When I am specific to an AI about what I want, I usually still get buggy results unless the solution is easy. (And asking the AI to debug is only sometimes successful, so if I want to fix it I have to put in a lot of work to understand the code the AI wrote carefully to debug it.)
Replies from: GregK↑ comment by β-redex (GregK) · 2025-03-31T19:05:23.550Z · LW(p) · GW(p)
Just to give an example, here is the kind of prompt I am thinking of. I am being very specific about what I want, I think there is very little room for misunderstanding about how I expect the program to behave:
Write a Python program that reads a
.olean
file (Lean v4.13.0), and outputs the names of the constants defined in the file. The program has to be standalone and only use modules from the python standard library, you cannot assume Lean to be available in the environment.

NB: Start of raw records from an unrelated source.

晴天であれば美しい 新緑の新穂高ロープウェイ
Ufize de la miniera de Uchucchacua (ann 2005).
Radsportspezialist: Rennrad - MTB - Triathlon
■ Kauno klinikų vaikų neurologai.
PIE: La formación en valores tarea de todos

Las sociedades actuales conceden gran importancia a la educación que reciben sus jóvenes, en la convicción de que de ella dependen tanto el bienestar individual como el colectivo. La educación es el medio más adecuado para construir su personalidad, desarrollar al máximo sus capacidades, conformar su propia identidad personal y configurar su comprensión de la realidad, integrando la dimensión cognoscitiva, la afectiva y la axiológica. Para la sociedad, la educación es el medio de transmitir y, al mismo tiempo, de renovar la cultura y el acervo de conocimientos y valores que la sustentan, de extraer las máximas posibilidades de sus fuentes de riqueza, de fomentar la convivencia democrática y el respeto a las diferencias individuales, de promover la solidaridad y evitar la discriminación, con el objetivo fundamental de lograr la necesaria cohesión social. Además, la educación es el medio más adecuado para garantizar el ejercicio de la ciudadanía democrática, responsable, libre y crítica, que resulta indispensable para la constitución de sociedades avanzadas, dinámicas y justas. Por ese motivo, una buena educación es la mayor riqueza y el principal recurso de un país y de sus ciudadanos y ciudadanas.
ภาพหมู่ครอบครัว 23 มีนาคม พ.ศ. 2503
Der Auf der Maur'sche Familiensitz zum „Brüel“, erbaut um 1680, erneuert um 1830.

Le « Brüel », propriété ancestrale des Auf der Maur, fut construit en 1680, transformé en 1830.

o3-mini gives pure garbage hallucination for me on this one, like it's not even close.
Replies from: yair-halberstadt↑ comment by Yair Halberstadt (yair-halberstadt) · 2025-03-31T19:31:37.617Z · LW(p) · GW(p)
That seems like an example of C (obscure technology)

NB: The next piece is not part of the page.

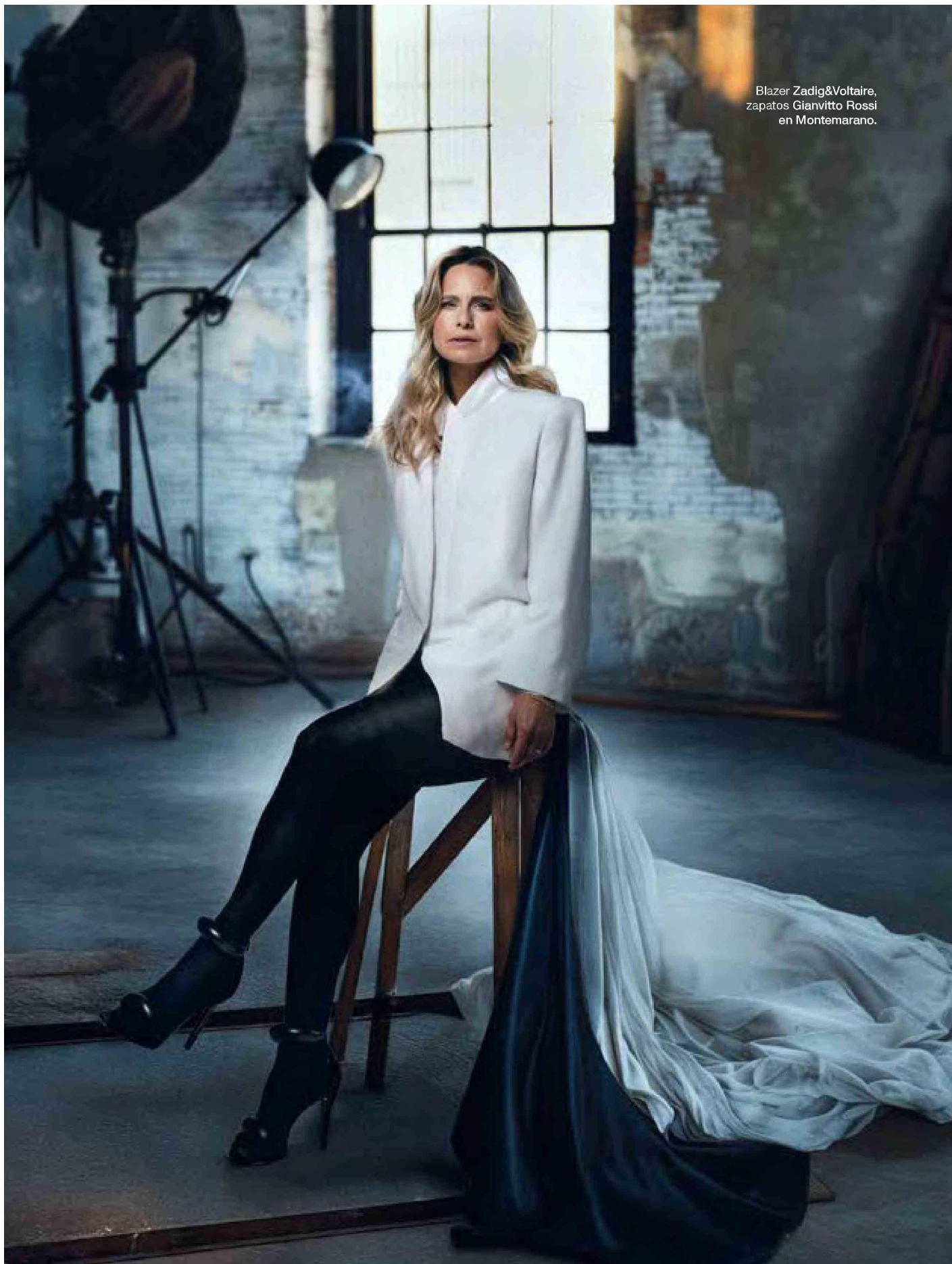
Blazer Zadig&Voltaire, zapatos Gianvito Rossi en Montemarano.

Tiraje: 6.000 Lectoría: 18.000 Favorabilidad: No Definida

Replies from: GregK↑ comment by β-redex (GregK) · 2025-03-31T21:50:01.449Z · LW(p) · GW(p)
What does "obscure" mean here? (If you label the above "obscure", I feel like every query I consider "non-trivial" could be labeled obscure.)
I don't think Lean is obscure, it's one of the most popular proof assistants nowadays. The whole Lean codebase should be in the AIs training corpus (in fact that's why I deliberately made sure to specify an older version, since I happen to know that the olean header changed recently.) If you have access to the codebase, and you understand the object representation, the solution is not too hard.
Here is the solution I wrote just now:[1]
import sys, struct
assert sys.maxsize > 2**32
f = sys.stdin.buffer.read()
def u(s, o, l): return struct.unpack(s, f[o:o+l])
b = u("Q", 48, 8)[0]
def c(p, i): return u("Q", p-b+8*(i+1), 8)[0]
def n(p):
if p == 1: return []
assert u("iHBB", p-b, 8)[3] == 1 # 2 is num, not implemented
s = c(p, 1) - b
return n(c(p, 0)) + [f[s+32:s+32+u("Q", s + 8, 8)[0]-1].decode('utf-8')]
a = c(u("Q", 56, 8)[0], 1) - b
for i in range(u("Q", a+8, 8)[0]):
print('.'.join(n(u("Q", a+24+8*i, 8)[0])))
(It's minified to both fit in the comment better and to make it less useful as future AI training data, hopefully causing this question to stay useful for testing AI skills.)
I wrote this after I wrote the previous comment, my expectation that this should be a not-too-hard problem was not informed by me actually attempting it, only by rough knowledge of how Lean represents objects and that they are serialized pretty much as-is. ↩︎
↑ comment by Yair Halberstadt (yair-halberstadt) · 2025-04-01T03:28:52.090Z · LW(p) · GW(p)
The quantity of lean code in the world is orders of magnitude smaller than the quantity of python code. I imagine that most people reporting good results are using very popular languages. My experience using Gemini 2.5 to write lean was poor.